Generally, a facility’s SPCC Plan must be certified by a licensed professional engineer. However, a facility owner or operator may self-certify its SPCC plan if (1) the facility has an aggregate above-ground oil storage capacity of 10,000 gallons or less and (2) in the three years prior to the self-certification date, the facility has had no single discharge of oil to navigable waters or adjoining shorelines exceeding 1,000 gallons or no two such discharges exceeding 42 gallons within any 12-month period.2 Finally, a facility’s SPCC plan does not have to be submitted to USEPA, but rather must be submitted upon request. A copy of the SPCC plan should be maintained at any facility normally attended at least four hours per day, or at the nearest field office if the facility is not so attended.

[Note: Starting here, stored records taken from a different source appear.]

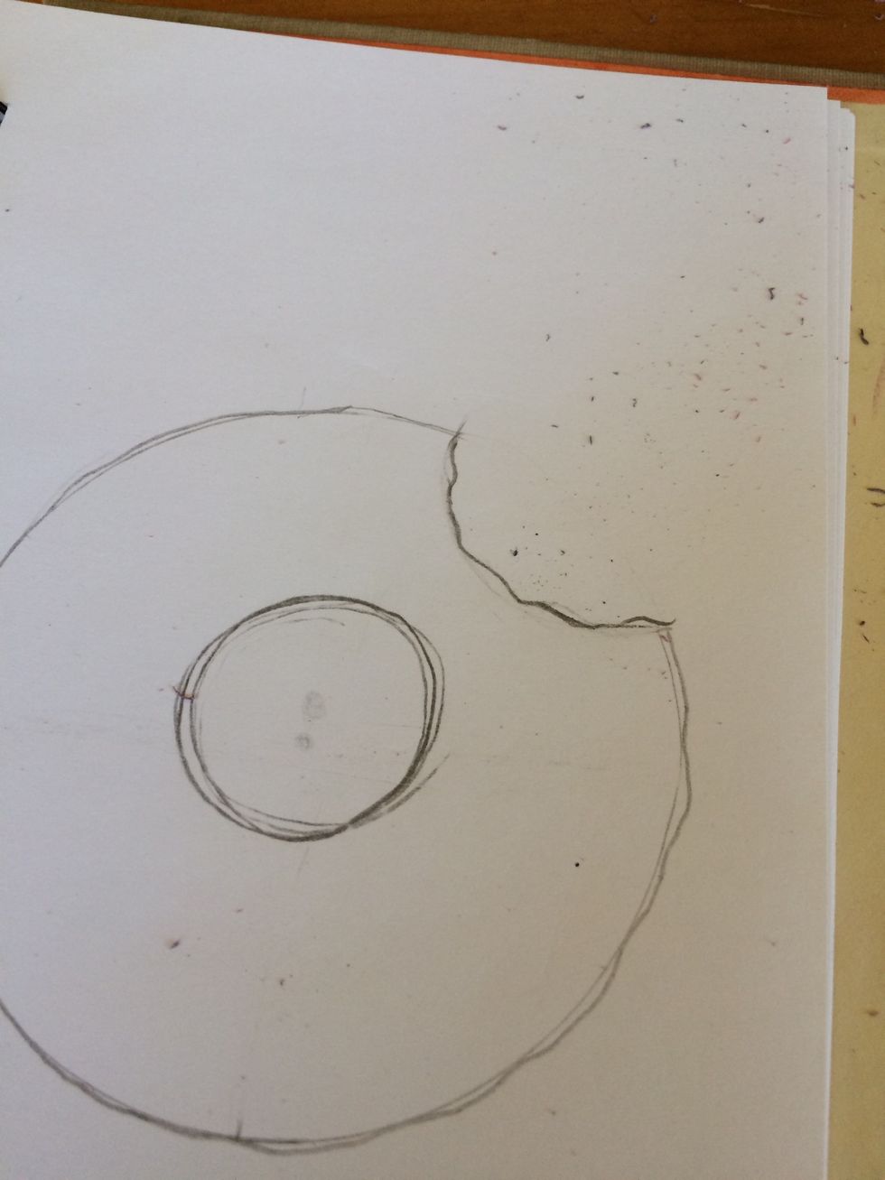 Erase center circle and add small curves to the outside of the big circle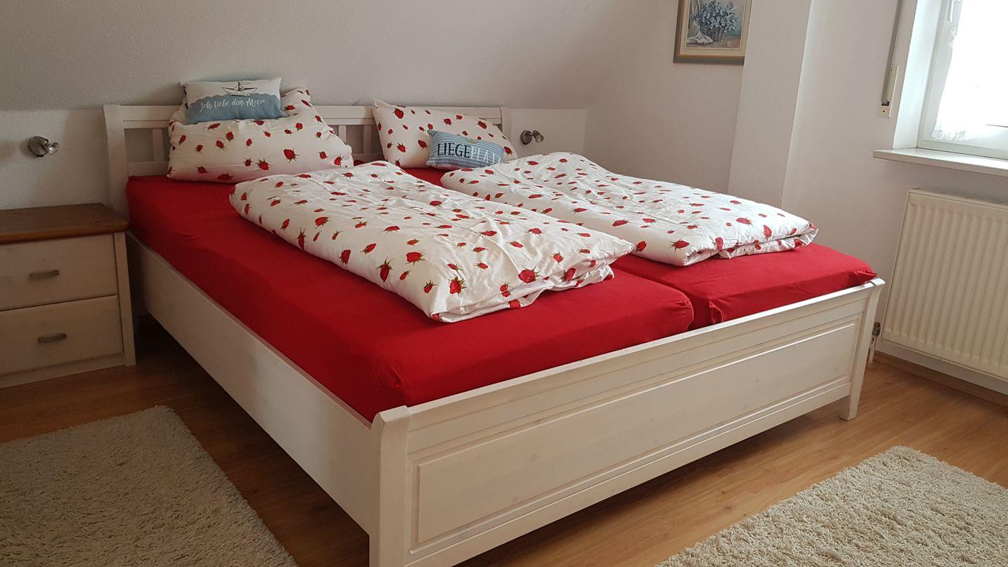 Ein großzügiges Schlafzimmer mit Doppelbett, die neuen hochwertigen Matratzen passen sich optimal an die jeweilige Schlafposition an, so ist eine erholsame Nacht garantiert. Da sich, wie überall in der Wohnung, Außenjalousien und Fliegengitter vor den Fenstern befinden.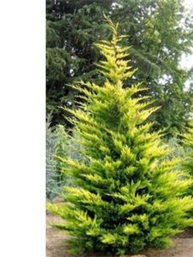 An attractive conifer (large tree) of a narrowly conical habit, Bright yellow foliage and holding its colour well. Full sun to part shade. Well drained soil. Matures to approximately 30’ tall and 10’ wide.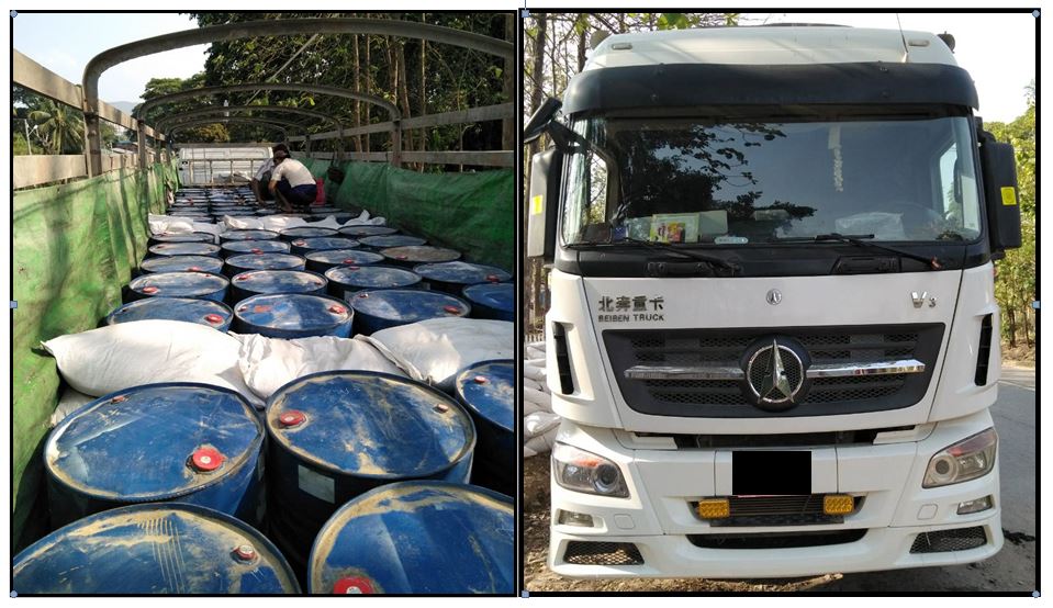 အလားတူ မေ ၁၈ ရက် မွန်းလွဲပိုင်းက သီပေါမြို့နယ်ရဲတပ်ဖွဲ့မှူးရုံးမှ တပ်ဖွဲ့ဝင်များ ပါဝင်သော ပူးပေါင်းအဖွဲ့သည် သီပေါမြိုနယ်၊ နောင်အန်ကျေးရွာအုပ်စု၊ ပန်ဆောက်ကျေးရွာ အနီး၊ သီပေါ-လားရှိုးသွား ကားလမ်းတွင် ရပ်တန့်ထားသော BEIBEN TRUCK အမျိုးအစား ၁၈ ဘီးတွဲမော်တော်ယာဉ်ကို ရှာဖွေစစ်ဆေးရာ သံပီပါ ၆၈ လုံးအတွင်းမှ အီသိုင်းအီသာ ၁၀,၂၀ဝ လီတာကိုလည်းကောင်း၊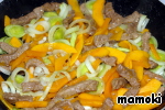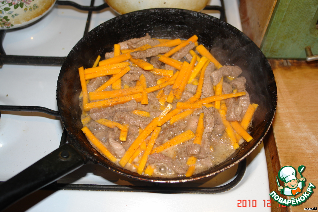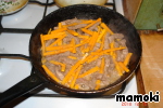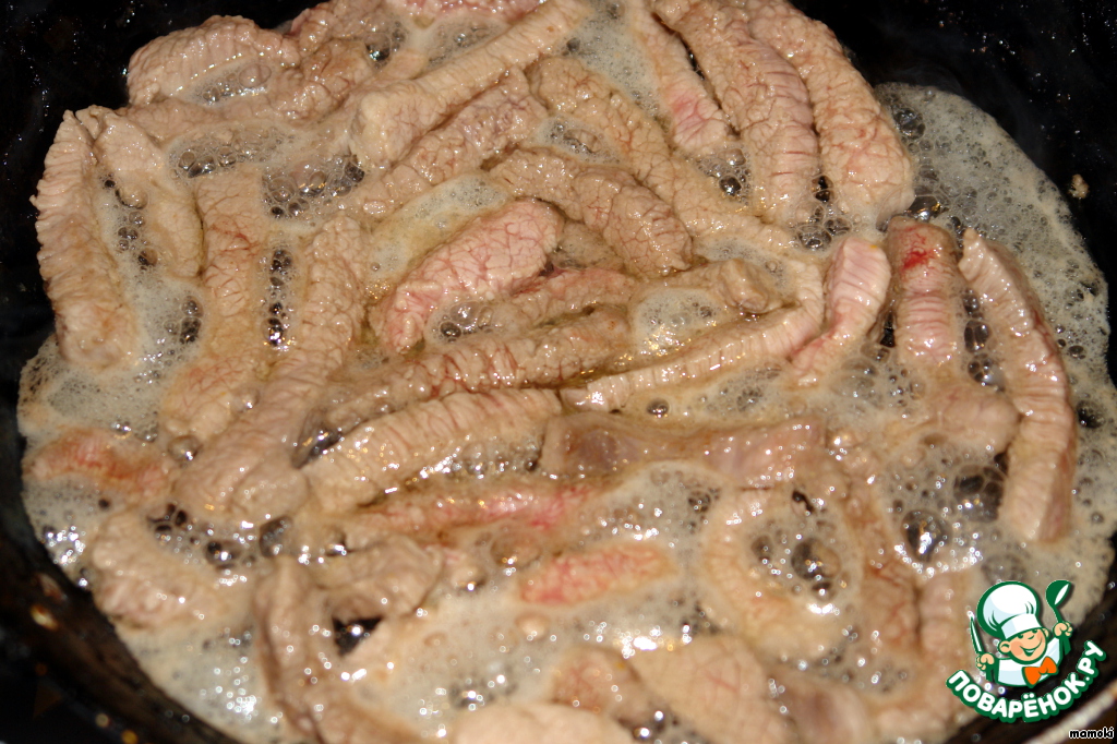 На сковороде раскалить растительное масло и обжарить в нем мясо. Автор рекомендует делать это в течении 3-х минут. Я бы посоветовала именно этот этап удлинить до 5-7 минут. Посолить и поперчить мясо.

With the exception of offshore facilities and those onshore facilities required to have Facility Response Plans,3 which were required to comply with the SPCC Rule by November 10, 2010, the compliance date for the remainder of covered facilities was November 10, 2011. For onshore production facilities that become operational after November 10, 2011, however, SPCC plans must be prepared and implemented within six months after beginning operation.
More detailed information about the SPCC rule may be found at USEPA’s website: http://www.epa.gov/emergencies/content/spcc/spcc_up.htm.
1 Under 40 C.F.R. Part 110, a discharge of oil into navigable waters or adjoining shorelines in quantities that may be harmful under the Clean Water Act is defined as a discharge that (1) causes a sheen or discoloration on the surface of the water or adjoining shoreline, (2) causes a sludge or emulsion to be deposited beneath the surface of the water or upon adjoining shorelines, or (3) violates an applicable water quality standard.
2 These amounts refer to the amount of oil that actually reaches navigable waters or adjoining shorelines, not the total amount of oil spilled.
3 Facility Response Plans are required for those facilities that, because of their location, “could reasonably be expected to cause substantial harm to the environment” by discharging oil into navigable waters or adjoining shorelines. See 40 C.F.R. § 112.20.